**Brief**
From the line that contains "For more information" through the line that contains "依朴 桌面垃圾桶 北欧圆形迷你无盖垃圾桶", output every line of the listing below exactly and leave out all the rest.

**Record excerpts**
▬▬▬
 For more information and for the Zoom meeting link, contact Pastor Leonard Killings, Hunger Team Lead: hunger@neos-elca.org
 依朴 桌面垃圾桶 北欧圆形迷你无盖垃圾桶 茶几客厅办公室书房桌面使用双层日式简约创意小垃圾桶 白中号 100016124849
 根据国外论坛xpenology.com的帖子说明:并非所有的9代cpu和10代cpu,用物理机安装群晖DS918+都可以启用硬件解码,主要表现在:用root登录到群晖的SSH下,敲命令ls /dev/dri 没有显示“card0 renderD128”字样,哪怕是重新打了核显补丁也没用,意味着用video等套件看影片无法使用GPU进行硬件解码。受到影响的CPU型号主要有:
▬▬▬
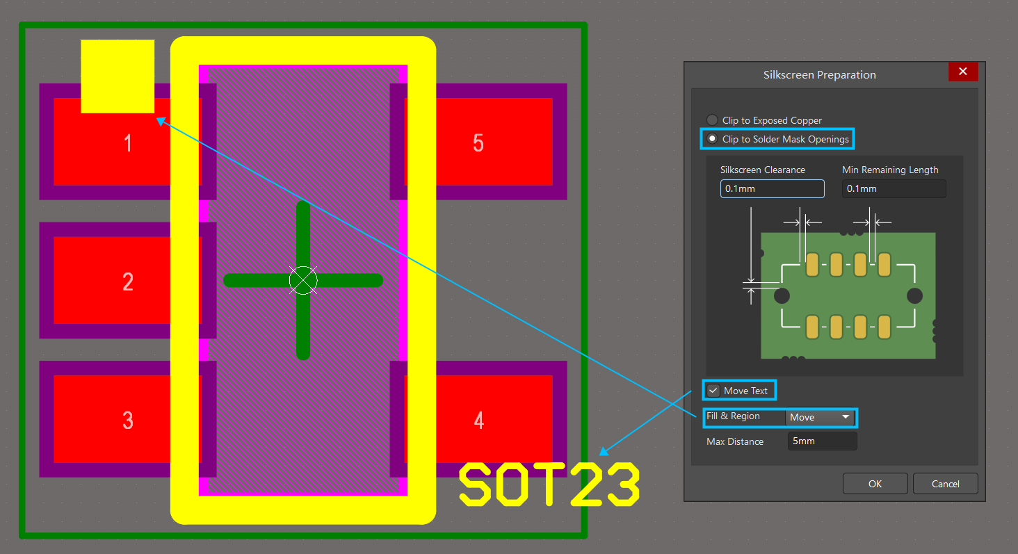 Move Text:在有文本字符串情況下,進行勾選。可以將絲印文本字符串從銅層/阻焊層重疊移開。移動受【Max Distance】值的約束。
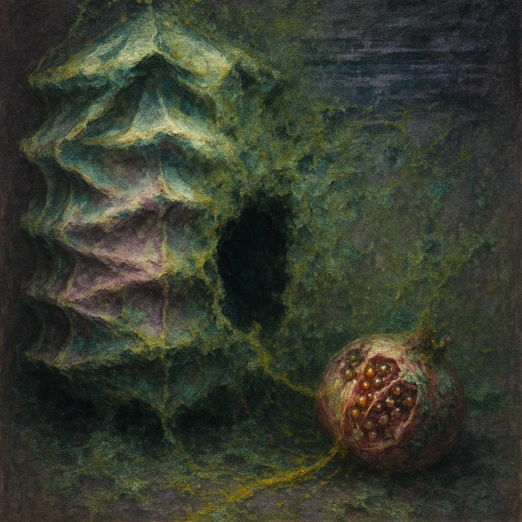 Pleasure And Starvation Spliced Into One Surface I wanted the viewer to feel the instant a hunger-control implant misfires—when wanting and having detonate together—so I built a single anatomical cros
▬▬▬
**Exercise solution**
 For more information and for the Zoom meeting link, contact Pastor Leonard Killings, Hunger Team Lead: hunger@neos-elca.org
 依朴 桌面垃圾桶 北欧圆形迷你无盖垃圾桶 茶几客厅办公室书房桌面使用双层日式简约创意小垃圾桶 白中号 100016124849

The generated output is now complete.